I didn’t know if I believed that or not.

“If that’s the truth then I won’t worry,” I told her. “But until I hear from Kaitlyn that she’s truly not hungry or thirsty, I will be concerned for her. Will you please go ask her one more time if she would like to take my vein? If not, I’ll leave you all alone and I won’t come back until she asks me to.”

Megan sighed.

“I’ll ask her,” she said, getting up from the couch. “But I’m pretty sure she just wants to be left alone right now.”

39

Kaitlyn

“I’m sorry, Megan, but I just want to be alone right now,” I whispered from the depths of my pillow when she came in to ask me if I was thirsty.

Of course I was thirsty. I’d been crying all weekend—I couldn’t seem to stop no matter how hard I tried. I had lost count of how many times I’d sent my pillowcases through the laundry chute and still they were spotted with red dots and blotches from my endless weeping.

I couldn’t get over the feeling of loss—the feeling of abandonment that washed over me every time I thought of how coolly and calmly Alastair Breedlove had ended my relationship with his family and especially with little Allegra. He had cut me out of their lives as neatly as a surgeon excising a particularly nasty tumor. He had called me a “mistake” and that was what I felt like. Like something that shouldn’t have been allowed to exist in the first place.

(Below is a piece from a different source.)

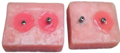
شکل ۲- بلوک‌های آکرلی تهیه شدند به طوری که ایمپلنت‌ها در عمق‌های مختلف آن قرار گرفته‌اند.

نحوه سوار کردن دو قطعه ترانسفر قالب گیری و ایمپلنت به روی هم، قبل از شروع کار به دانشجویان آموزش داده شد. سپس از تمامی دانشجویان انتخاب شده خواسته شد تا ترانسفرهای قالب گیری یا همان ایمپرن کویپنگ‌ها (Hex.close, ارتفاع ۱۵ قطر ۴/۵ میلی‌متر) (Implantium®, Ltd., Seoul Korea) را بر روی چهار ایمپلنت مدل آماده شده ببندند. به دانشجویان ۳ بار فرصت داده شد تا اتصال ترانسفر قالب گیری بر روی ایمپلنت خود را اصلاح نمایند. لازم به ذکر است در صورتی که پس از ۵ بار استفاده از مدل، آنالوگ لته‌ای پاره شده یا آسیب می‌دید، تعویض شده و با یک آنالوگ لته‌ای سالم جایگزین می‌گردید. برای ارزیابی صحت اتصال ترانسفر، از یک مدل نشان‌دار که به صورت ایده‌آل بر روی ایمپلنت بسته شده به عنوان الگو استفاده شد بدین شکل که پس از قرار دادن ترانسفر قالب گیری بر روی ایمپلنت به شکل صحیح، بر روی ترانسفر قالب گیری به موازات لبه ایمپلنت خطی رسم شد و توسط دیسک خراشیده شد به شکلی که پاک نگردد. سپس چهار ترانسفر قالب گیری نشان دار شده بر روی ایمپلنت‌ها توسط پنجاه نفر از دانشجویان سال آخر رشته دندان پزشکی بسته شد. در نهایت، بعد از حذف لته شبیه سازی شده، با توجه به خطوط رسم شده روی ترانسفرهای قالب گیری میزان صحت اتصال (با توجه به عمق) به وسیله یک ذره بین با بزرگنمایی ۴x توسط یک متخصص پروتز مجرب سنجیده شد. اطلاعات به دست آمده از پنجاه دانشجو در یک جدول به صورت نشست صحیح یا ناصحیح برای هر چهار ایمپلنت ثبت شد. داده‌های جمع‌آوری شده توسط تست آماری Cochran's Q مورد آنالیز آماری قرار گرفتند. خطای نوع اول آماری برابر ۰/۰۵ در نظر گرفته شد، همچنین عملیات آماری با استفاده از نرم‌افزار SPSS 22 (Spss Inc., Chicago, IL, USA) انجام شد.

Being cut adrift from the only family I had known since The Fire made me feel helpless and alone and frightened all at once. As vulnerable as a snail out of its shell, exposed for any careless pair of heavy boots to stamp into the mud at any moment.

Of course, I still had my friends and Coven-mates. That knowledge was all that was holding me together. I clung to it like a life preserver because I had nothing else to hold on to.

And yet there was fear there too. Twice now, in my life, I had lost people that meant everything to me. Twice my whole world had been torn away from me in a matter of moments. You don’t get over that kind of trauma easily or well—at least, I didn’t.

And every time I thought to myself, At least I still have my coven. At least I still have Megan and Avery and Emma and Griffin, a little voice would speak up and ask me when I thought I might lose them too.

Because once you lose one person in your life suddenly and randomly and for no apparent reason, a veil is torn away from your vision and you realize that you can lose anyone—anyone—in the blink of an eye. You understand that no one is safe—that no one is off limits. That anyone can die or be taken away and there is nothing you can do or say to stop it.

And that realization—that knowledge—makes the world a bad, sad, scary place. A place it’s too hard to walk in alone…and even harder to walk in with the people you still have left. Because who knows which one of them might be next to go? Who knows how much longer you’ll have them?